I won’t mention names or methods (mainly because I think you will be hearing all about this person in the fairly near future) but a betting colleague of mine has been sending me his selections since August of last year (they are exceptionally good by the way) and I was sitting down working out how returns could have been increased during that time.
The method has produced nearly 400 points profit in that time to level stakes at Betfair SP – pretty staggering by any measure but I thought things could be improved with a percentage staking plan.
It’s a really high strike rate method (60%+ over a lot of bets) so is ideal for a fairly aggressive percentage staking plan.
I started with a theoretical £500 bank and ran both 2% staking and 5% staking to see how they performed respectively. The staking was adjusted on a daily basis rather than from selection to selection.
The 2% staking plan was incredibly successful growing the £500 bank to £642,000 in just under 6 months. Now clearly these figures are hypothetical and this wouldn’t happen in the real world for a variety of factors (getting on with those size of bets not being the least of them)
The 5% staking was a revelation – at the end of the period the £500 bank had become….wait for it…..wait for it……£1.7 billion.
Again, these figures are hypothetical and could not be reproduced in the real world (though, using the selections and a percentage staking plan initially, would allow you to grow a small bank to one large enough to provide a full time income in a very short time).
The point I’m trying to make here is the difference between those 2 figures.
2% staking produces £642,000
5% staking produces £1.7 billion
That’s using the same selections, the same starting bank and the same period of time.
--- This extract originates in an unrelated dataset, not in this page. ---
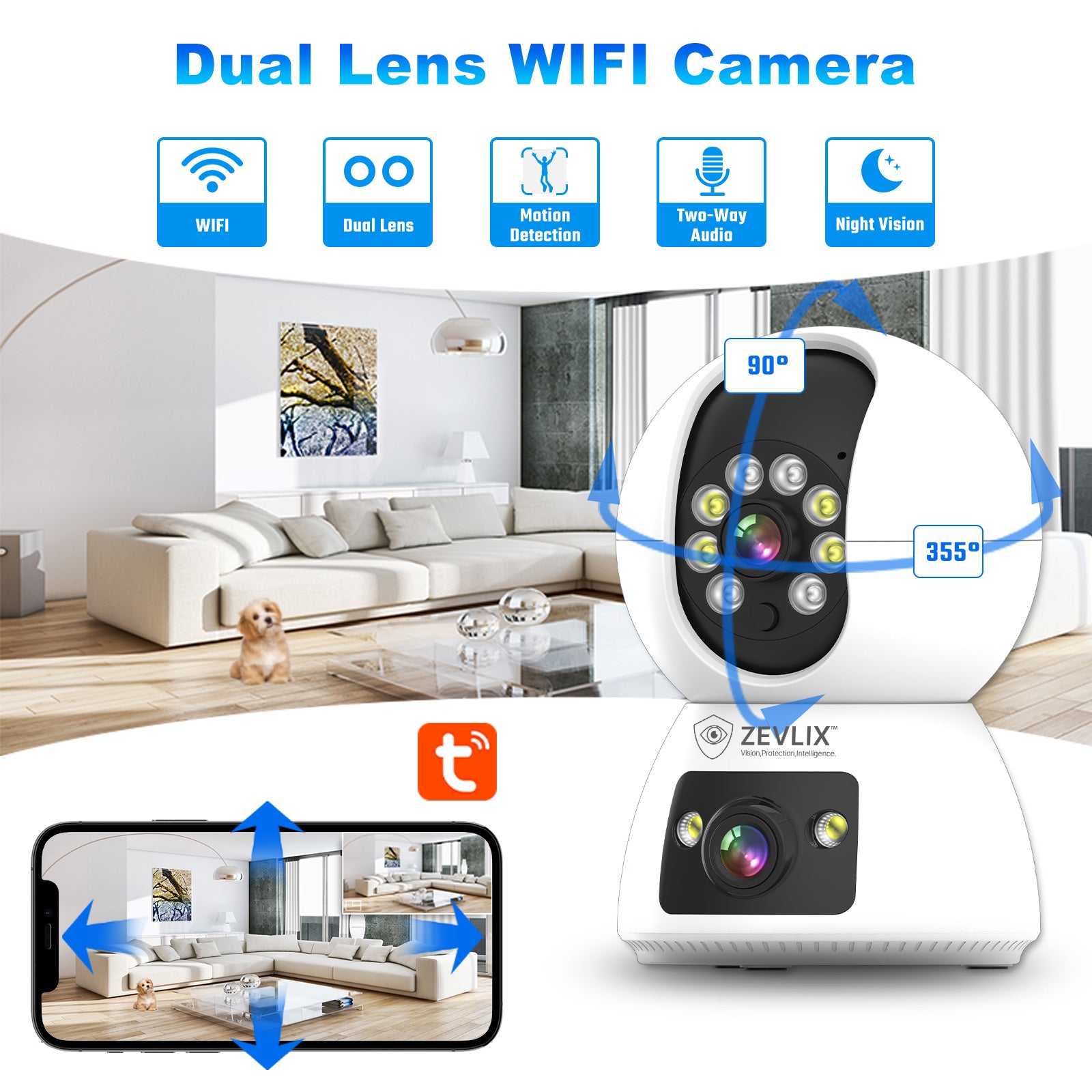Zevlix Wifi Indoor Dual lens Camera Product form Zevlix Wifi Indoor Dual lens Camera $39.99Excl. VAT SKU: ZVX-C024WH Free pickup in our shop(s) Quantity Add to cart This item is a recurring or deferred purchase. By continuing, I agree to the cancellation policy and authorize you to charge my payment method at the prices, frequency and dates listed on this page until my order is fulfilled or I cancel, if permitted. Free Shipping on Orders $35+Fast and reliable nationwide delivery with trusted carriers.Premium Quality GuaranteeEvery product is engineered and tested to meet international standards for safety, durability, and performance.Secure CheckoutBank-grade encryption safeguards every transaction.1-Year Limited WarrantyShop with confidence — every purchase is backed by a one-year limited warranty Share with your friends Share WhatsApp Deel Tweet Pin it Messenger Email
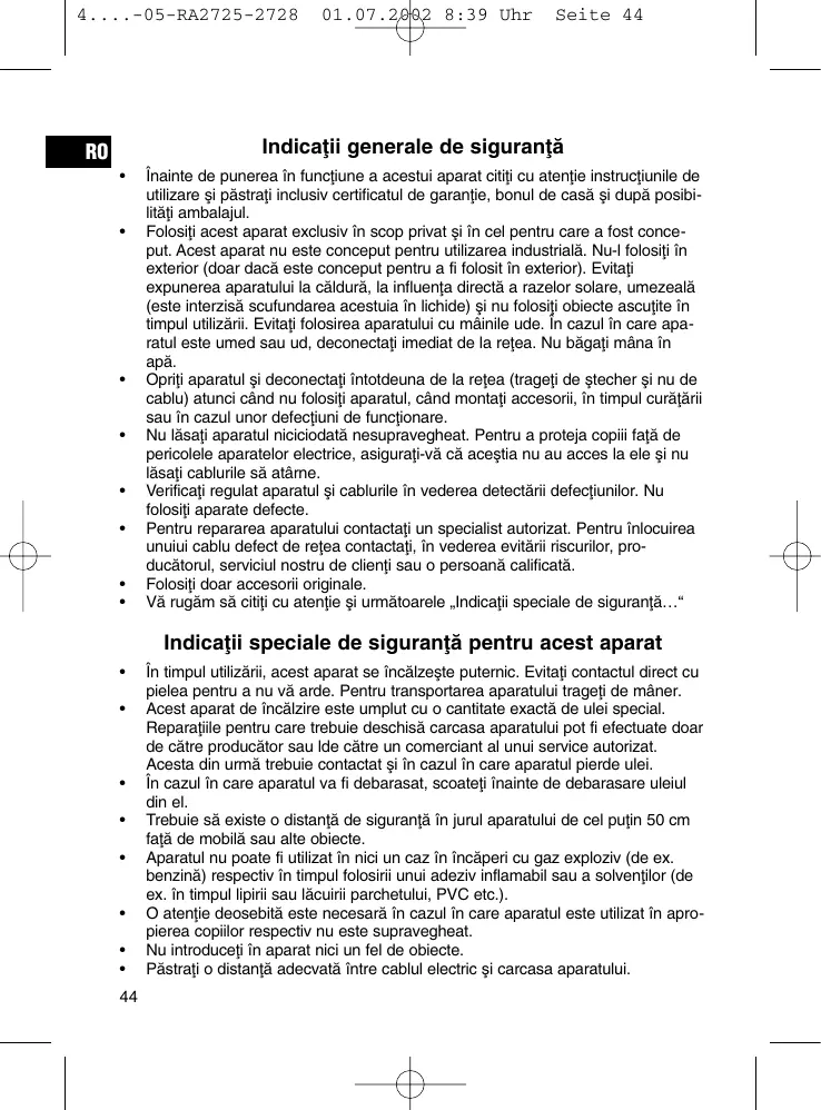 Înainte de punerea în funcfliune a acestui aparat citifli cu atenflie instrucfliunile de utilizare øi pæstrafli inclusiv certificatul de garanflie, bonul de casæ øi dupæ posibilitæfli ambalajul. Folosifli acest aparat exclusiv în scop privat øi în cel pentru care a fost conceput. Acest aparat nu este conceput pentru utilizarea industrialæ. Nu-l folosifli în exterior (doar dacæ este conceput pentru a fi folosit în exterior). Evitafli expunerea aparatului la cælduræ, la influenfla directæ a razelor solare, umezealæ (este interzisæ scufundarea acestuia în lichide) øi nu folosifli obiecte ascuflite în timpul utilizærii. Evitafli folosirea aparatului cu mâinile ude. În cazul în care aparatul este umed sau ud, deconectafli imediat de la reflea. Nu bægafli mâna în apæ. Oprifli aparatul øi deconectafli întotdeuna de la reflea (tragefli de øtecher øi nu de cablu) atunci când nu folosifli aparatul, când montafli accesorii, în timpul curæflærii sau în cazul unor defecfliuni de funcflionare. Nu læsafli aparatul niciciodatæ nesupravegheat. Pentru a proteja copiii faflæ de pericolele aparatelor electrice, asigurafli-væ cæ aceøtia nu au acces la ele øi nu læsafli cablurile sæ atârne. Verificafli regulat aparatul øi cablurile în vederea detectærii defecfliunilor. Nu folosifli aparate defecte. Pentru repararea aparatului contactafli un specialist autorizat. Pentru înlocuirea unuiui cablu defect de reflea contactafli, în vederea evitærii riscurilor, producætorul, serviciul nostru de clienfli sau o persoanæ calificatæ. Folosifli doar accesorii originale. Væ rugæm sæ citifli cu atenflie øi urmætoarele „Indicaflii speciale de siguranflæ…“

Now that’s a pretty big difference and demonstrates the potential for exponential growth when using a percentage staking plan – and getting the percentage right!
The 5% staking plan has some serious drawbacks to go along with it’s undoubted superiority in accelerating your profits. There was a 3 day period during the 6 months which would have seen your bank drop by 50% of its value – which would have been pretty unpleasant. The 2% bank only ever dropped by a maximum of 20%.
Now I don’t know about you but I would be pretty uncomfortable with losing 50% of a bank in 3 days (particularly as it could easily happen near the start of the process and probably damage your faith in the method beyond repair!) and that would indicate to me that 5% was a little too aggressive.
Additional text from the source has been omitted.